Monday, September 11, 2006

Not I, but Christ

I'm reading the book "The Calvary Road." I have to say that it is the biggest encouragement and rebuke I have had in a while. This book needs to be on your must read list, especially if you have never read it. The first chapter starts off talking about brokenness. In this fist chapter, Roy Hession states that in order for us to have a right relationship with Christ, our will must be broken. We must say, "Not I, but Christ." Christ cannot live in us and have Himself shown through us, until we get rid of our selfishness. There is so much more I could say on the other chapters, but this one part of this one chapter just grabbed my heart. If you truly think about it, we all are so selfish. We want things our way, even when our way isn't what is best or even right. I find this so often in my own life. My selfishness even reared its ugly head at a time when I should have been SO unselfish, and it actually cost me some great things. I have let selfishness into my life too much and too often. Yet, it's one of the hardest things to really get rid of in your life. We're humans. We'll always want things our way. But until we allow God to break us, and we do our part as well, this selfishness will come many more times. No, I don't think we'll ever be able to get rid of our selfishness, at least until we get to Heaven. But, once we allow God to truly break us, and let HIM have control of it all, we won't be able to completely used by Him. Brokenness. Seems easy. But it's not. We try to live the Christian life by ourselves. Without God. Yet it is impossible to truly serve God and live this life without Him.

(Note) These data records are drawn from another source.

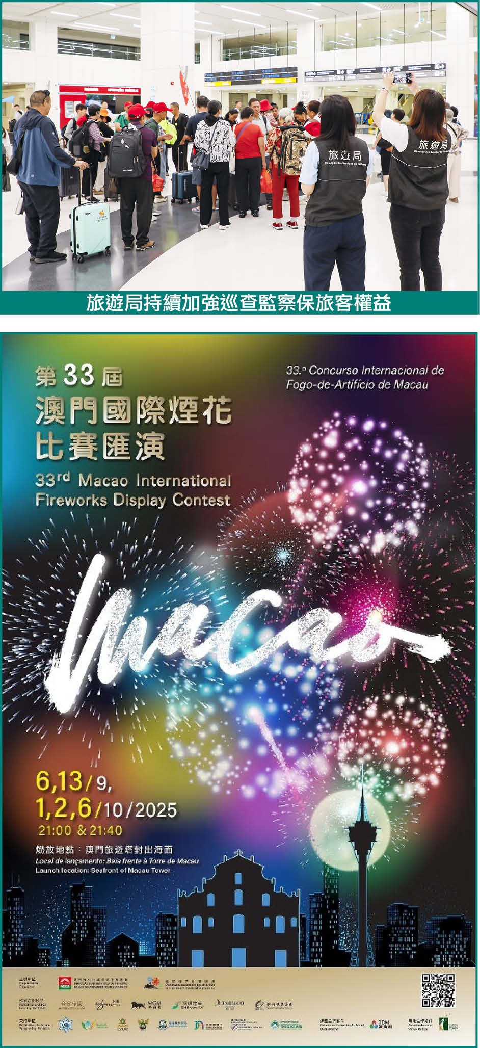 第33屆澳門國際煙花比賽匯演其中三晚表演安排在10月1日國慶節、10月2日國慶節翌日及10月6日中秋節晚上9時與9時40分舉行,來自中國和葡萄牙、菲律賓和日本、英國和巴西的煙花公司將先後在旅遊塔對出海面呈獻精彩的煙花表演。“火樹銀花嘉年華”在每個比賽日下午5時30分至晚上10時30分在澳門科學館海堤舉行,集美食、表演及遊戲於一身,促進夜間經濟。旅遊局更推出“煙花盛會・開心有禮”活動,現場消費滿指定金額並分享社交媒體,可於旅遊局攤位換領紀念品。數量有限,換完即止。有關第33屆澳門國際煙花比賽匯演詳情請瀏覽網頁https://fireworks.macaotourism.gov.mo(賽期可能因惡劣天氣受影響,如有調整,旅遊局將儘早對外公佈)。
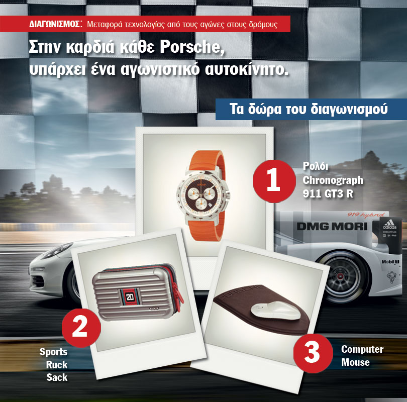 Η σελίδα Porsche hellas διοργανώνει διαγωνισμό και δίνει τη δυνατότητα στον πρώτο νικητή να κερδίσει ένα ρολόι Chronograph 911 GT3 R , στους 2 επόμενους νικητές από ένα νεσεσέρ Rimowa και στους επόμενους τρεις από ένα ασύρματο mouse!
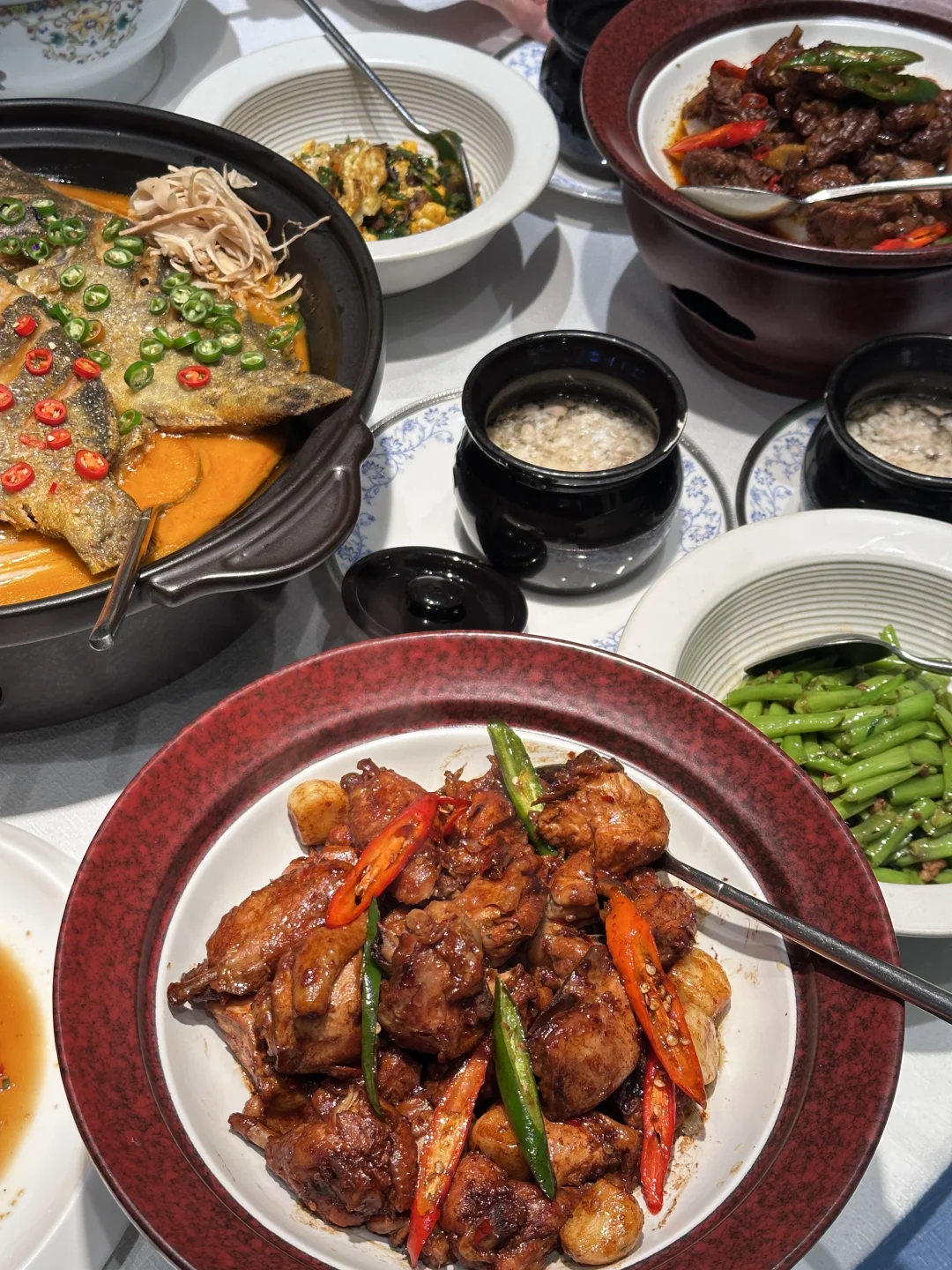 一进门就被竹林包围了,层层叠叠的竹林和三角梅开得热烈又奔放,拍照真的巨出片,氛围感直接拉满🎋 在这里,你可以和朋友一起在绝美庭院里吃饭喝茶,欣赏美景,感觉时间都慢下来了🍵 菜品也完全没让人失望,臭鳜鱼是每次必点的经典,江西拌粉也好吃到让人眼前一亮,每道菜都色香味俱全🐟 室内环境同样幽静,小包间私密又舒适~和姐妹约会来最合适不过咯~
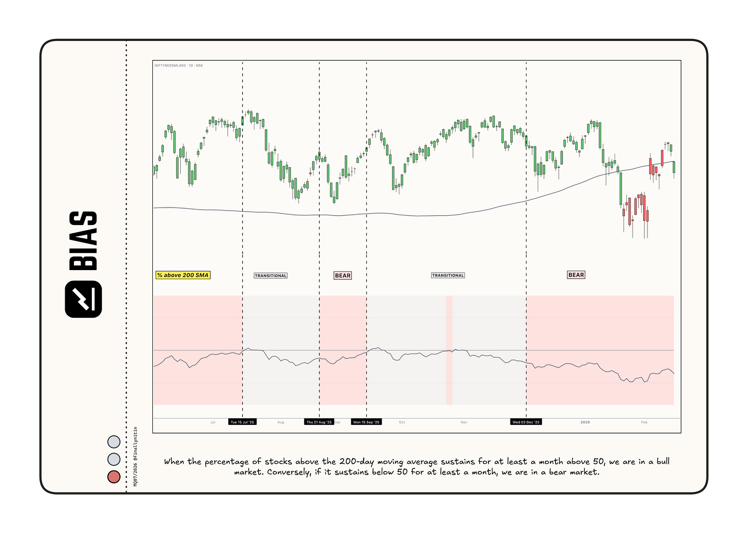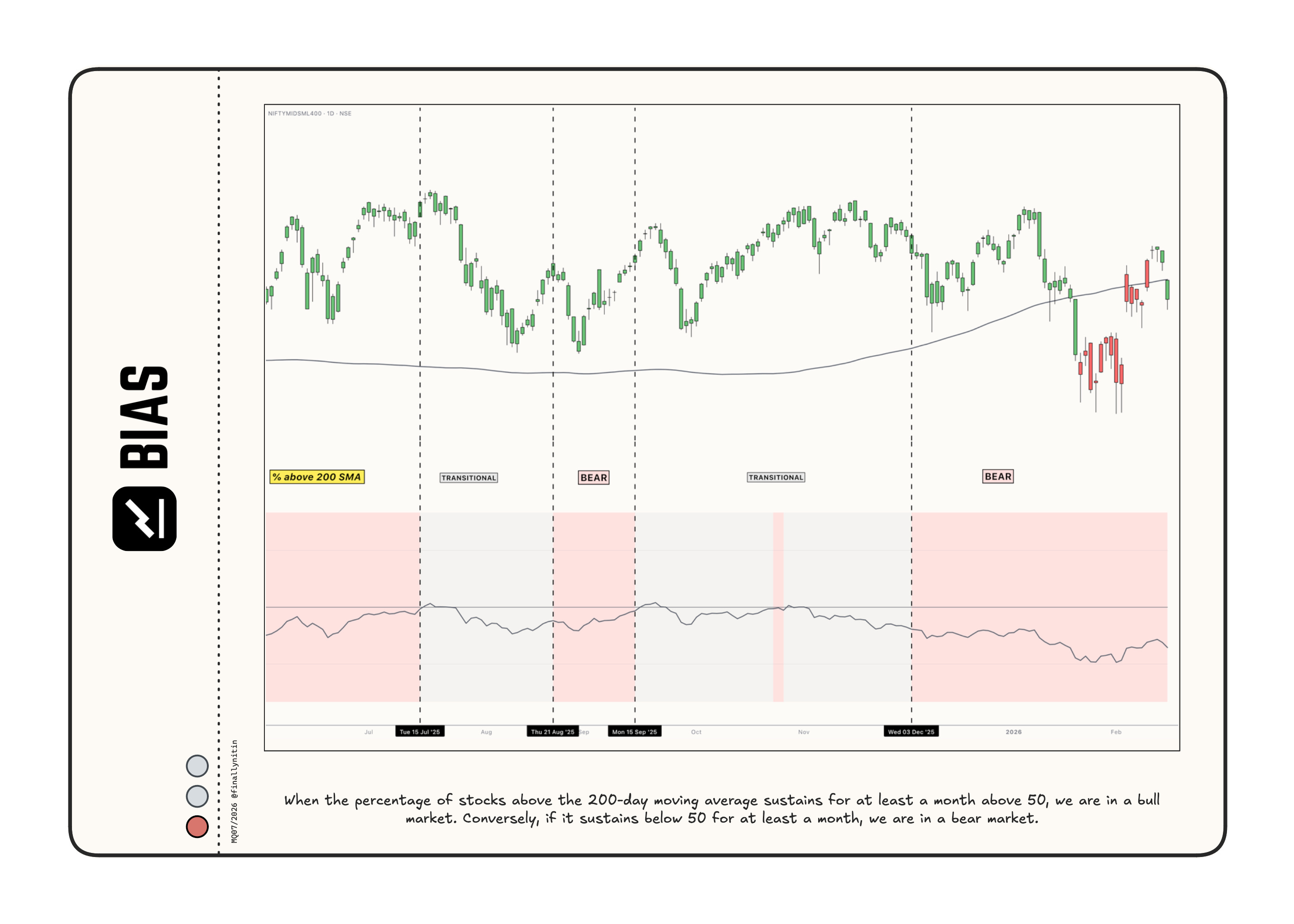 Over the past month, more than 50% of stocks have remained below their 200-day simple moving average (SMA). Hence, we stay in a bear market.

Roy Hession talks of Christ being so broken to do what His Father had called Him to do. In Psalm 22 verse 6, The Bible tells us that Christ said, "I am a worm, and no man." Roy Hession goes on to talk of Christ becoming as a worm. When you think about it, worms are a picture of total brokenness. You can squash them and they don't fight back. You can do what you want with it and they don't have any resistance. We should be just like that. Allowing God to do what He wants with us, without any resistance. I don't know about you, but that is certainly something hard to ask of someone. I want these certain things done my way...but a few other things, God can do His way. But, we have to be completely surrendered and broken for God to do whatever He wants with all of us. I'm hoping to daily make my prayer that it will be not I, but Christ in everything.